Dylan Thomas wrote and recited poems to the woman, or women he loved. His work spoke not just for itself, but for him as well. Perhaps he was the exception to the rule in a world where symbols stand taller and louder than words. Men have painted ceiling masterpieces, and grown hanging gardens. They’ve waged ten year wars, commissioned the building of palaces and pyramids and the world’s first and only automatic Lamborghini in the name of love, devotion and adoration for someone or something. It seems a losing battle however to pit the medium of the written word up against stone, steel, stain-glass, gardens, near human sacrifice and Italian auto mechanics.

Shakespeare’s characters could move nations and fickle hearts alike with their soliloquies and poetic proclamations. What they say is emotionally powerful, unselfconscious, and honest. They bare their hearts and minds to lovers, comrades, ghosts, faeries and the audience, and that’s more than enough. Their words read off a playbook like magic.

Only in fiction...

Everything we do is steeped in some kind of magic. Our minds are like a terra-forming universe, explosions and chaotic bright flashes of light against a sheet of blackness. Out from that we pull something magical, something that is steeped in love.

We draft new worlds or opaque representations of this one, and populate them with characters and animals and other things, giving them a history. The drive to create something and then interpret it is probably the last divine cord connecting us to paradise. We actively steer the destiny of these worlds and peoples. Though they are guided by our hands, we discover just what that destiny is at the same time they do.

When asked why he came to the decision to kill off the little boy in his novel Cujo, Steven King said that he did not actually decide to have the boy killed in the end, but rather, he found him there dead.

Life as a writer can be one of constant anxiety and self-doubt because it is almost entirely dependent on the free flow of a process that is so often interrupted and distorted by, as Robert Lowell once described, the balance of ‘salt’ in the brain. Due to certain physical and emotional dams, certain receptors may become dulled, and desensitized almost to the point of shutting down.

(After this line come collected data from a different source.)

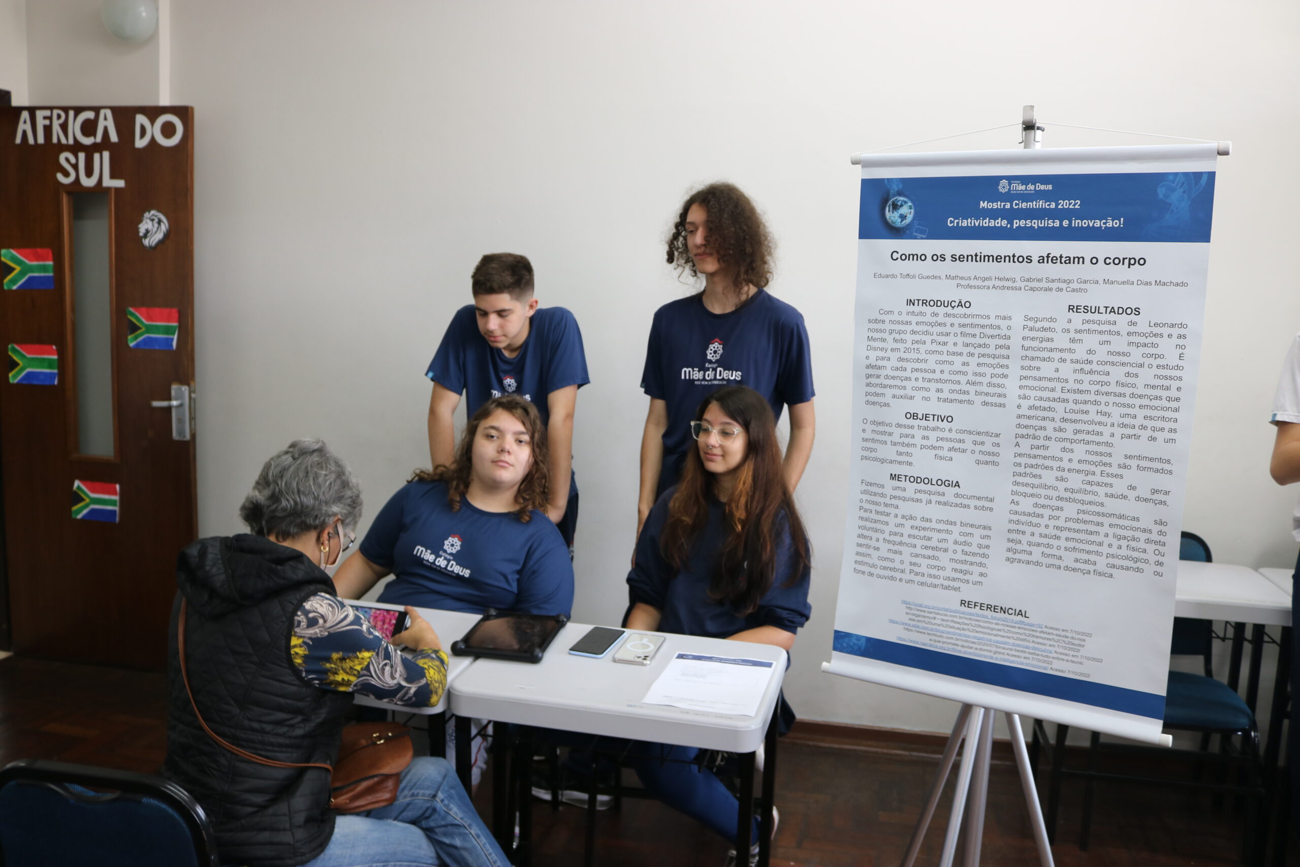 No dia 21 de outubro, foi realizada a Mostra Científica do Colégio Mãe de Deus, com o tema central “Criatividade, pesquisa e inovação”. Os temas apresentados foram escolhidos de acordo com os conteúdos que os alunos estão explorando em sala de aula.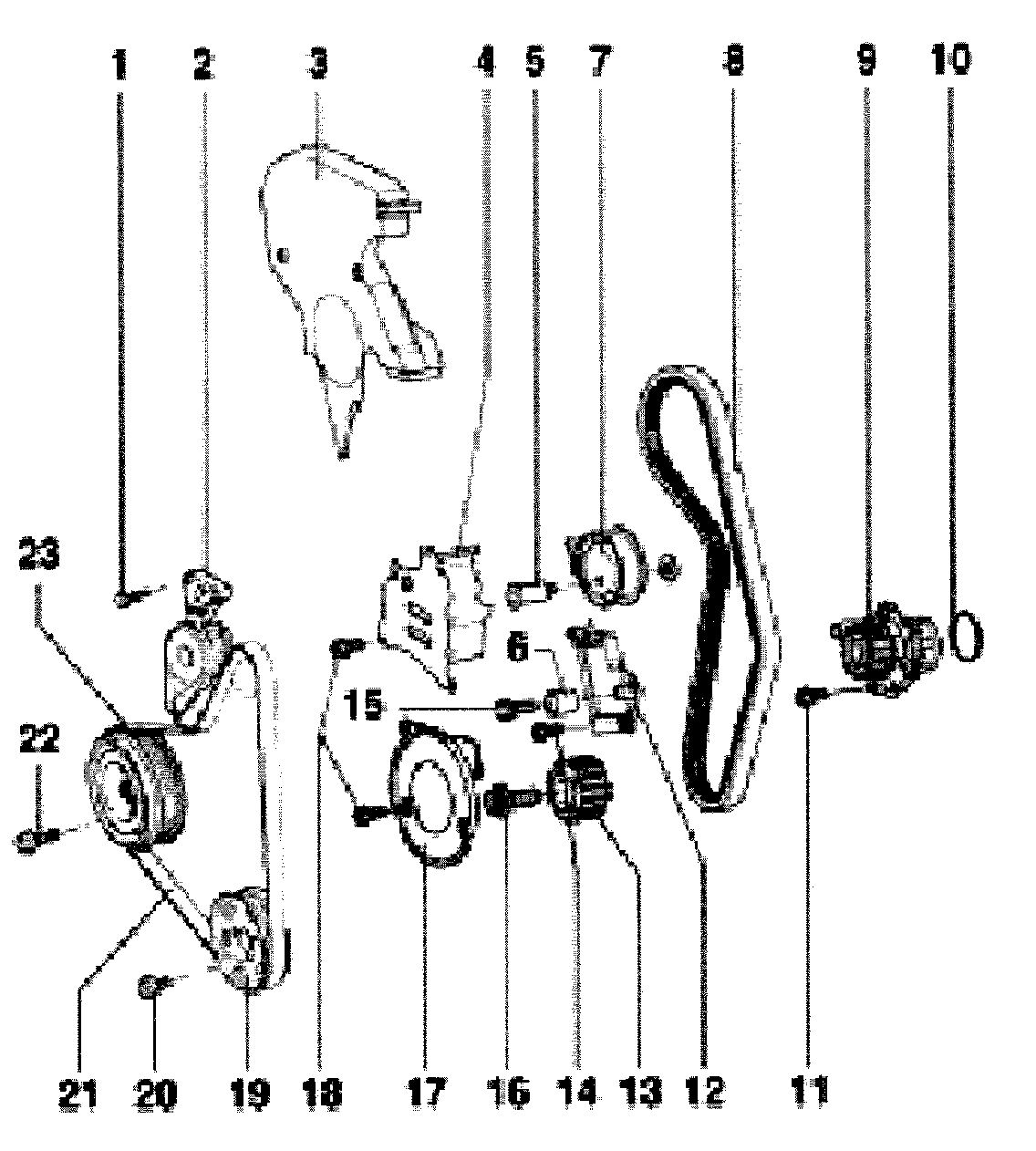 ^ Note position when installing toothed belt, Removing, installing and tensioning toothed belt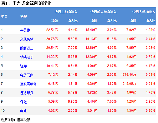 从两市行业板块资金流向来看,半导体板块获主力资金净流入22.51亿,文化传媒板块获主力资金净流入20.78亿,酿酒板块主力资金净流入20.54亿,消费电子行业主力资金净流入14.22亿,证券板块主力净流入10.41亿。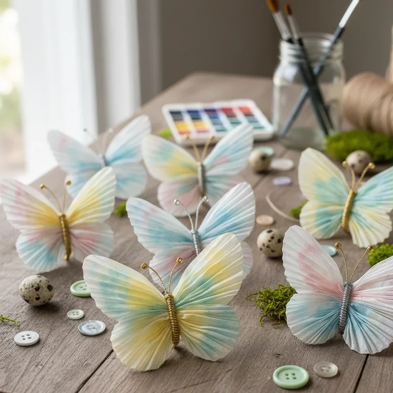 Watch science and art merge as coffee filters transform into delicate butterflies using washable markers and water. Color filters with markers, spray with water, and watch colors bleed into watercolor effects that mimic real butterfly wings. Once dry, gather filters in the center and secure with pipe cleaners that become antennae. This craft combines artistic expression with basic chemistry lessons about absorption and color mixing. The unpredictable way colors blend means each butterfly is genuinely unique, teaching kids to embrace happy accidents in art. Hang these ethereal creatures from ceiling fixtures or create mobiles that dance in spring breezes. The lightweight materials make these perfect for decorating without damage, ideal for renters or temporary displays. Groups can create butterfly migrations across walls, turning rooms into magical spring gardens.

The lifeblood of the process lies in discovering the numerous shades of color in the world, recognizing a melody in the even the simplest tone, and moving fluidly to that special rhythm of cause and effect. We take all these pieces singularly, and put them together into one fluid kaleidoscopic color sequence, lyrical progression, or rhythmic waltz.


We have to find the pieces behind the scenes. Hidden, beneath the leaves.

However, it’s from behind the scenes that we conduct it. With one leg there, and another back here, we plug away at a typewriter, and make something that then seems to exist free of us, as though it spontaneously willed itself into existence. In comparison with what we writers create, we ourselves don’t seem nearly as bright or colorful. So we remain in its shadow

"Pay no attention to the man behind the curtain..."

No problems there. No one usually does.

How often is an actor or actress worshiped in the end based on the myriad of personae they step in and out of? How often is it that backstage, or once the music stops playing, the person with the guitar or microphone is still the impetuous rock star-poet? For that matter was he ever? Crowds seem to think so...

Our work doesn’t speak for us in the same way.

We want to take people to these places, but they choose to go by themselves. They forget that we conjured the magic they get lost in; took elements of life and made a story out of them, deciphered the most difficult emotions and brought them to the surface. They forget walking with us is to walk through the process with us.

If the process hits a muddy snag, they can help bring us back to neutral and offer a push. This may be a difficult time, but there’s a dedication in it for them.

Maybe even a character...

We can reveal nuances about the world they couldn’t previously see.
The pictures are up to them. We just help them to see. Help them use their mind’s eye, and open their heart.

How else can you yell without making a sound? Speak in different languages without moving your lips? Tell a secret without the need to whisper, or confess something utterly stutter free, without self-doubt?